Truncating the input breaks round-tripping between encoding and decoding. This can happen, if multiple-byte unicode characters, that encode to multiple tokens, are truncated. See the explanation here: https://github.com/knuddelsgmbh/jtokkit/issues/3#issuecomment-1494626671
In my experience, truncating is not a very common use-case. Most applications use chunking strategies to split a long input text into smaller texts, that all fit a specific token threshold. A good article expanding on different chunking strategies can be found here: https://www.pinecone.io/learn/chunking-strategies/. But I am open to correction, if there are somee valid use-cases I don't know about 😄

radoslavdodek commented 1 year ago

Thank you for your prompt reply! :)

I thought about solving it by simply truncating the tokens list outside of the library, as you suggested. But I would like to avoid encoding tokens which will be thrown away anyway.
"breaks round-tripping between encoding and decoding"

This is definitely a valid argument.
Chunking doesn't play well for our use case. We ask ChatGPT to generate a valid JSON for our input, and with chunking we noticed that it is more likely that the resulting JSON won't be valid. We would much rather truncate the input text instead.

But all that said, I understand your reasoning.

tox-p commented 1 year ago

Hmm, interesting use-case 🙂 I guess there is little harm in also supporting this, as long as the caveat of breakage of the encode-decode roundtrip is well documented

Also, I just double-checked the OpenAI documentation and at least for the non-chat completion endpoint, an array of tokens is also a valid input.
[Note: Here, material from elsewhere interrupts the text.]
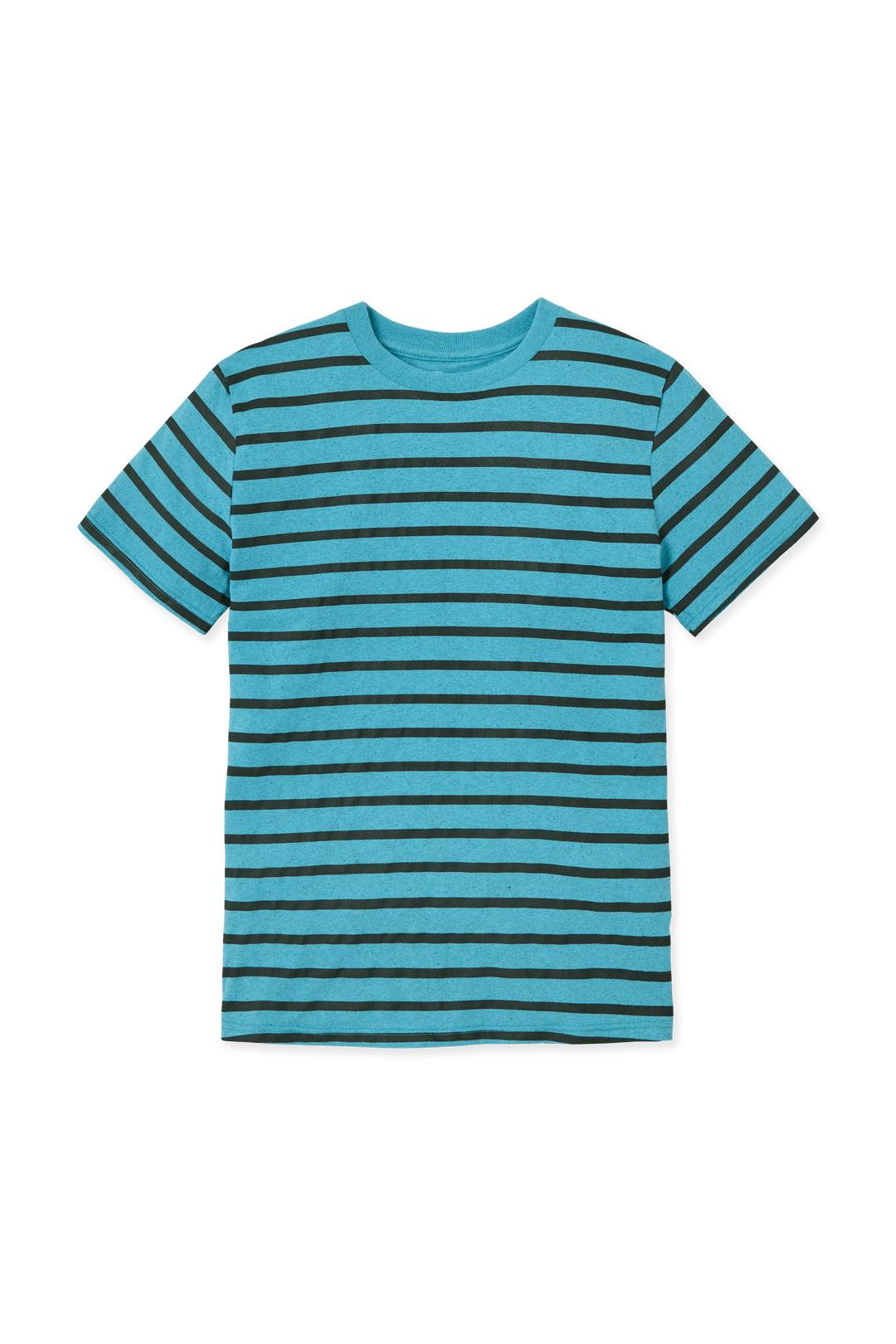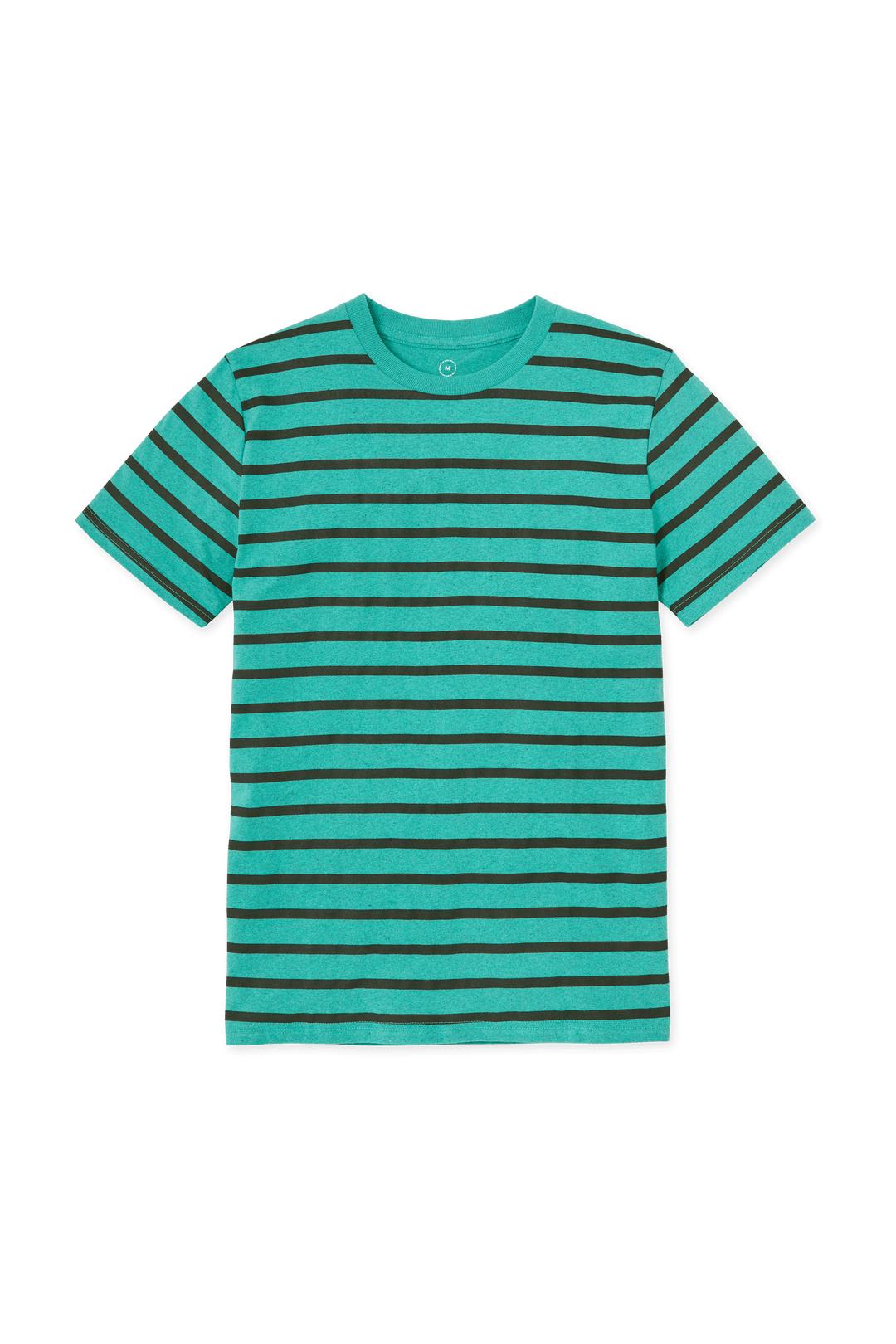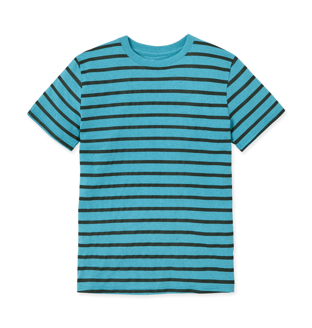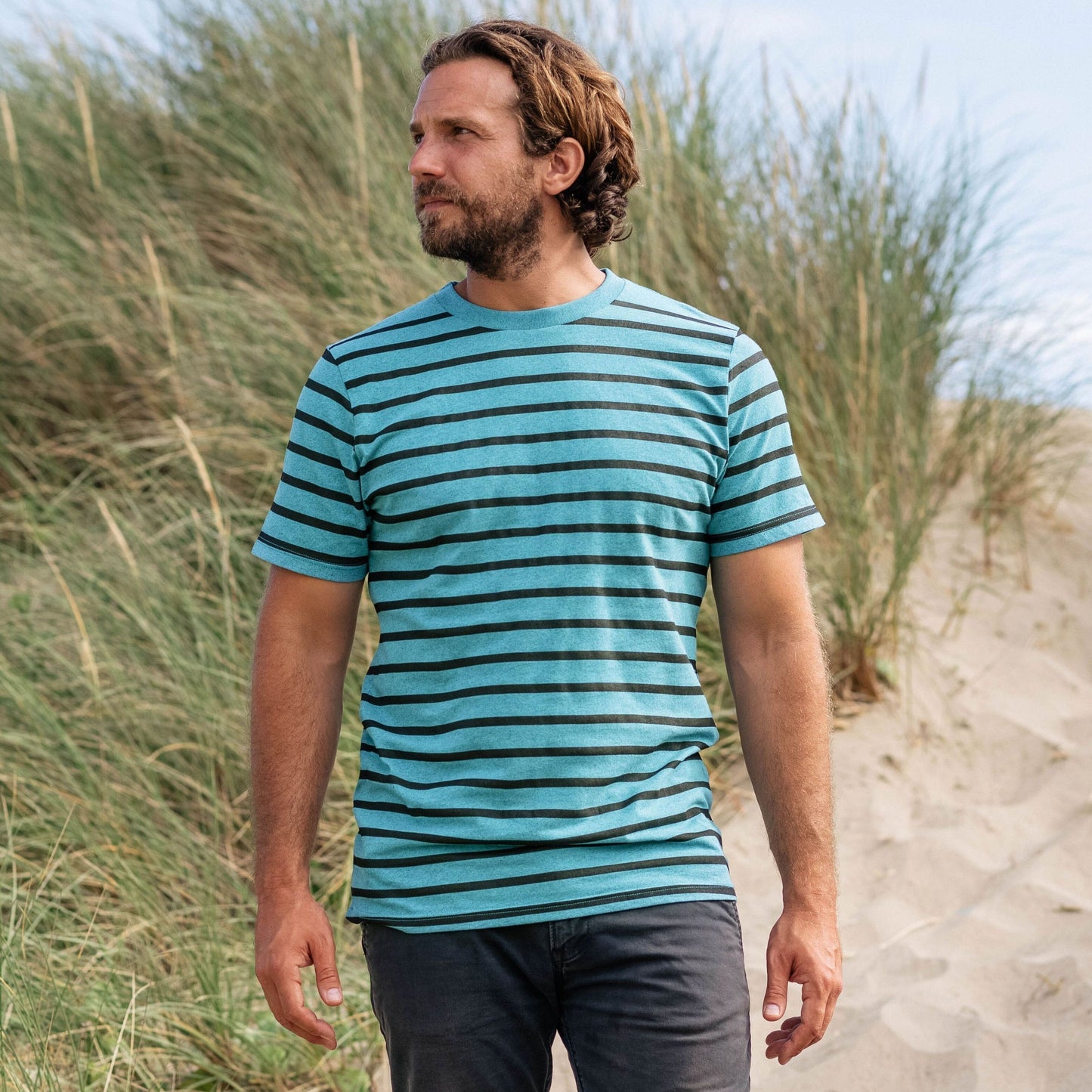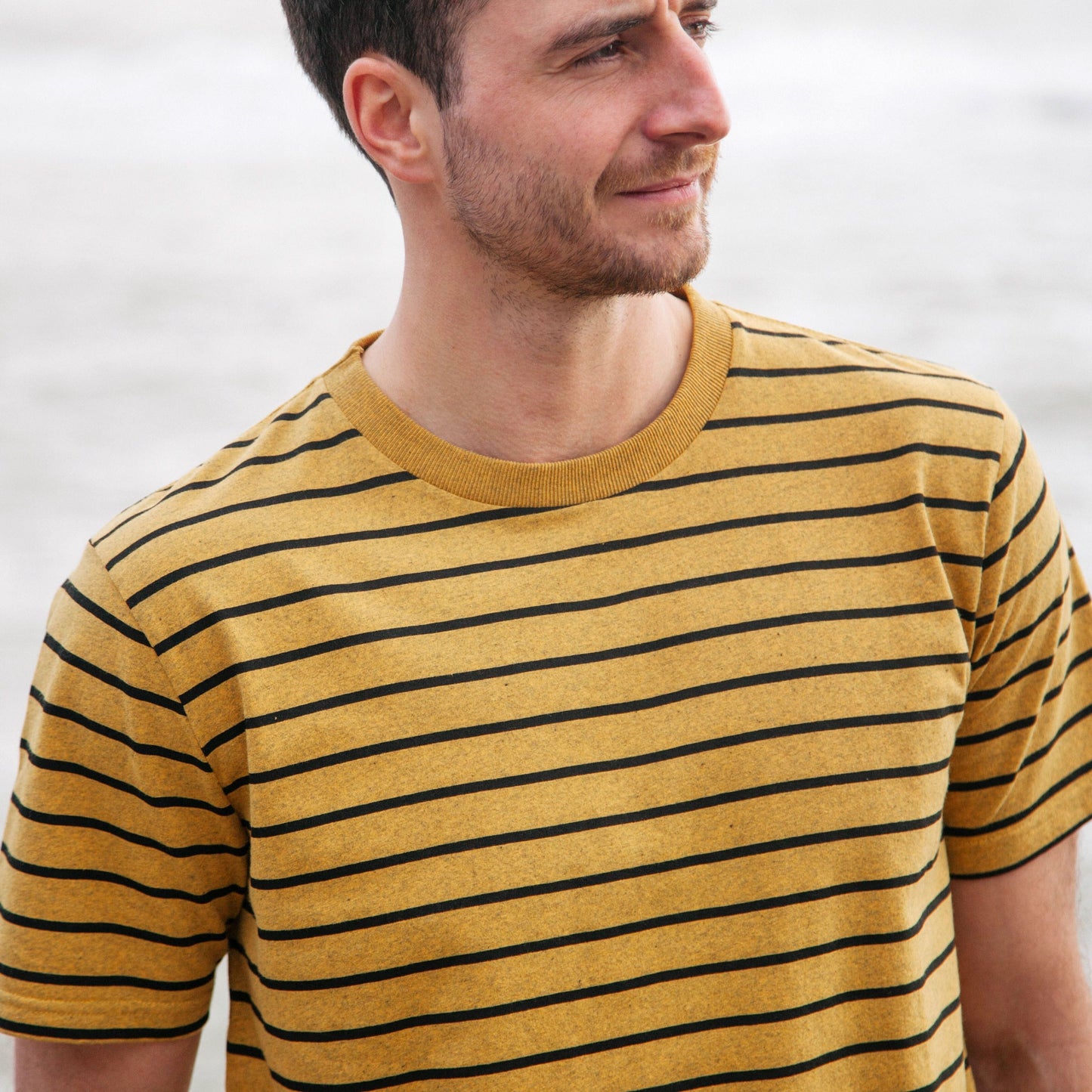 Our Men's Remill Stripe T-Shirt combines style with sustainability. Made from recovered organic cotton through our innovative Remill process, this yellow and navy striped tee gives previously returned materials a new life. The classic stripe pattern offers versatile styling options while the comfortable fit makes it perfect for everyday wear. By choosing this recycled stripe t-shirt, you're helping reduce textile waste and supporting our circular fashion mission.

Which would leave this method quite handy for use-cases where lossy input is acceptable, since no decoding of the tokens would be necessary to prompt the model

I'll take a look at your PR 🙂

radoslavdodek commented 1 year ago

Thanks, Philip! :-)

radoslavdodek commented 1 year ago

@tox-p I was thinking about how to avoid issues with the round-tripping between encoding and decoding. However, I'm not sure if you want to have special handling for such a case.

Let's say we have scenario which you described in the comment you linked above:

User calls:

List<Integer> encoded = enc.encode("I love 🍕");  // "I love \uD83C\uDF55"

encoded = [40, 3021, 11410, 235, 243]

If we try to decode it back, we would get the original text, which is fine

But if he calls:

List<Integer> encoded = enc.encode("I love 🍕", 4);  // "I love \uD83C\uDF55"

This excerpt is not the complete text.